Limitations to Williams’ impact

“I wanted to reach out to a lot of individuals who was lost, a lot of individuals that’s going the wrong way and making bad decisions,” Williams said from inside the gym at the Dorris Miller Auditorium at Rosewood Park, a rare time he said he was able to find space inside thanks to the generosity of one of the center’s facilitators.

He doesn’t charge his clients – because he said many don’t have the means to pay – and runs his operation solely on donations, and otherwise gets by with the financial support of his wife.

And he’s missing a key component – an indoor space to train his clients.

“Space is very important to me right now.

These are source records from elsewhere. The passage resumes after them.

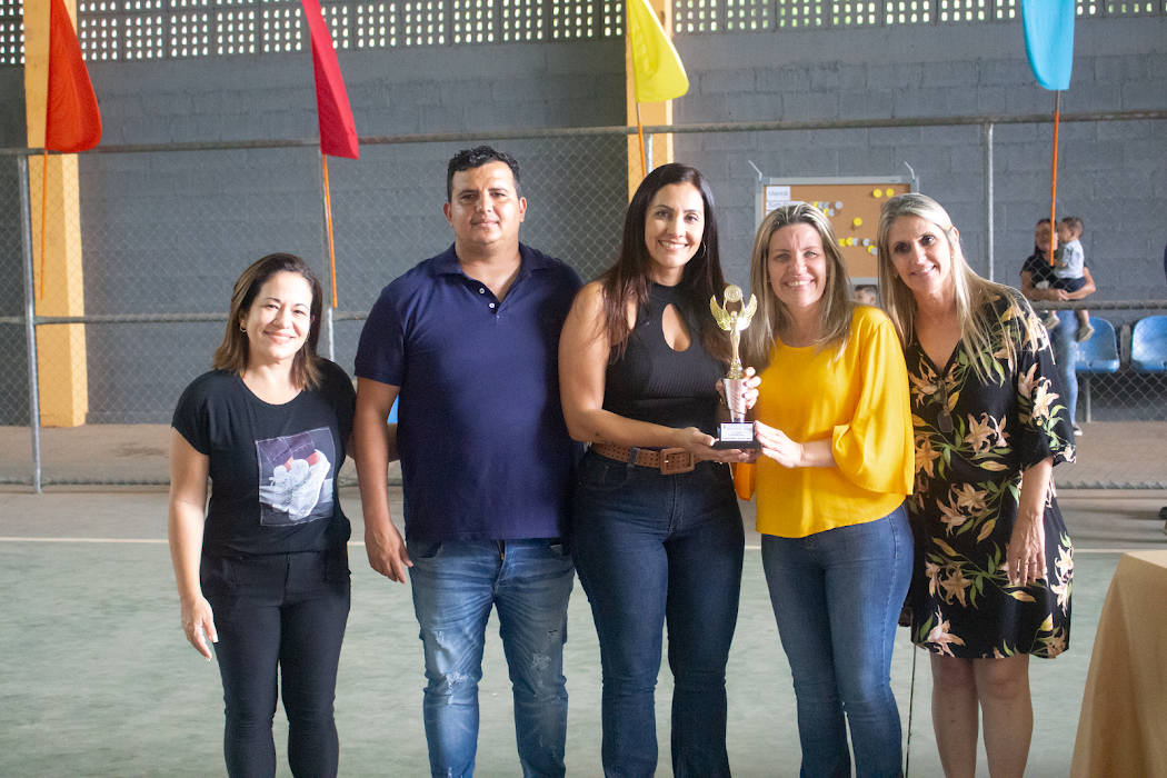 Prefeita de Macuco, juntamente com o secretário de Esporte e Lazer e sua subsecretária, além da secretária de Educação, entregando o troféu a Escola Bath Rosas
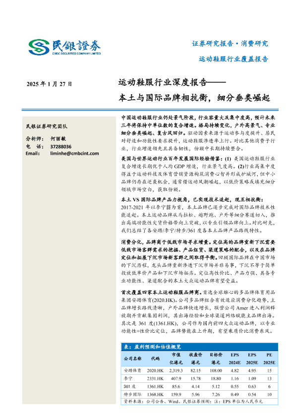 【民银证券】【20250127】运动鞋服行业深度报告:本土与国际品牌相抗衡,细分垂类崛起-36页
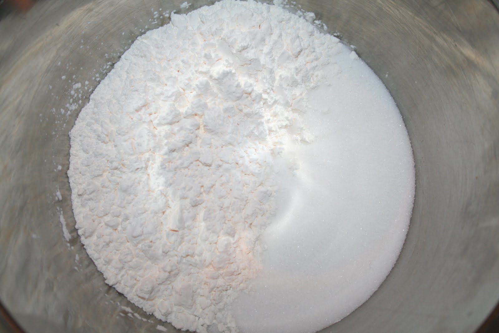 - Préparer enfin la crème à flan! Mettre les 140g de sucre et la poudre à crème dans un récipient.
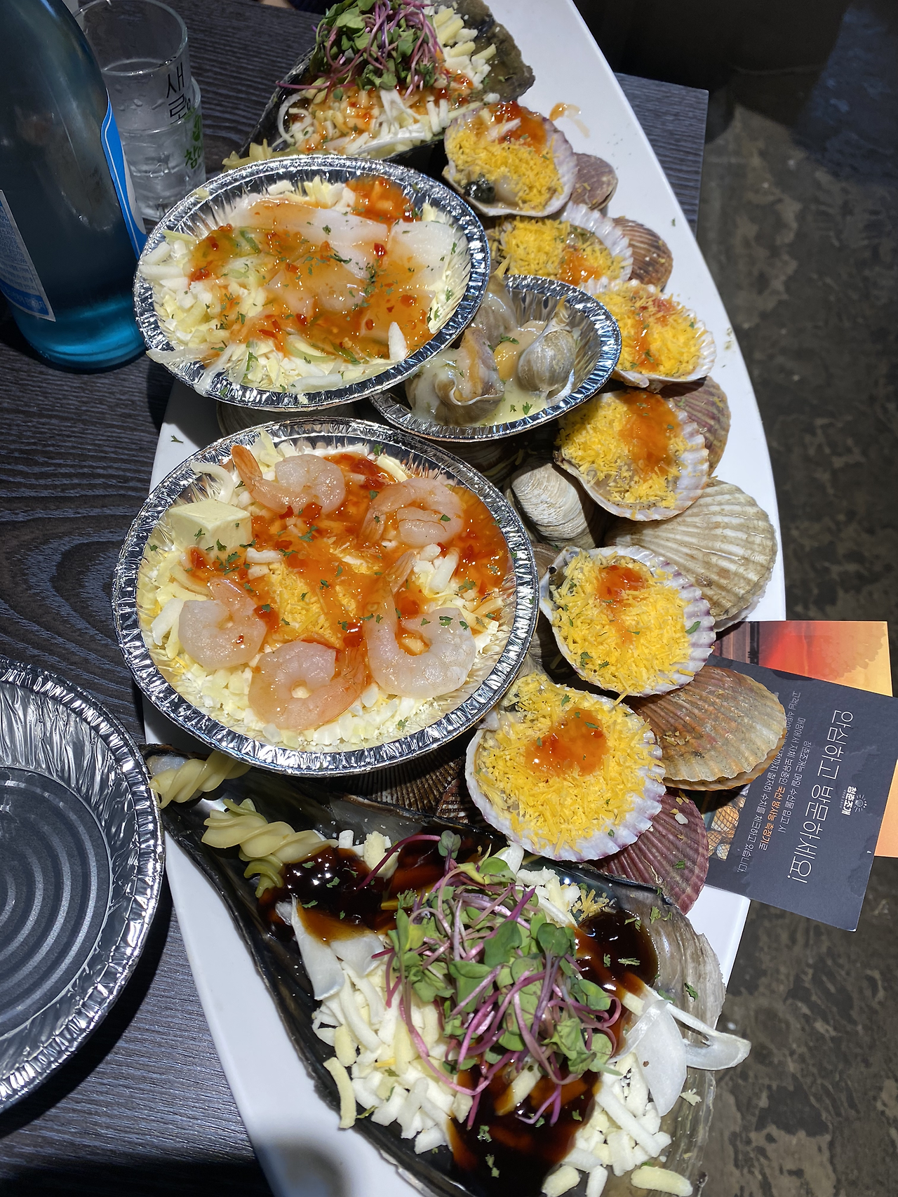 토요일 오전, 오후를 그렇게 아이들 쫓아다니며 체력을 소진했으니 부모들에게도 보상이 필요했다. 그것도 아주 맛있고 원기를 회복해 줄 보상이 필요했다. 그 보상은 월미도에 가면 빽빽하게 들어서 있는 ‘조개구이’ 집 탐방이었다.

That’s what cripples me, space,” he said. “When it gets cold or it’s raining outside, I don’t have that say so to go into this gym and say let’s workout now.”

He also lacks a structure to measure his success.

“I ain’t never wrote nothin’ down,” Williams said, laughing. He said the only way he can measure his clients’ success is if people choose to fill him in and keep in touch with him.

In 2019, APD learned of Williams’ efforts on the east side and tapped him to help with a then-longstanding community policing initiative called “Operation Blue Wave.” Police launched the program at Givens Park after a murder there rocked the community.

“We can’t be held accountable for what’s happened in the past, but we’re trying to brighten up the future right now,” Williams told KXAN in a 2019 interview.

That’s a future Williams has to try to brighten up on his own now. “Operation Blue Wave” doesn’t run anymore. That’s the most structure – and help – he’s ever had.

“I want to continue to do that, that’s what I love to do,” he said.

Currently, Williams is getting some help from Urban Power Connections (UPC), a group of entrepreneurs dedicated to mentorship in marginalized communities.

“We saw what he was doing and what he was able to pull together,” Rodney Williams, one of the heads of UPC, said. Rodney said UPC helped Williams buy a portable ring and assisted with some boxing events.

But he said getting Williams a permanent space is a much bigger challenge.

Williams knows he wants to do more, he just doesn’t know exactly how to do it.

“If we show these people that we care. Bring more activity to east Austin, I don’t think there will be so much crime,” Williams said.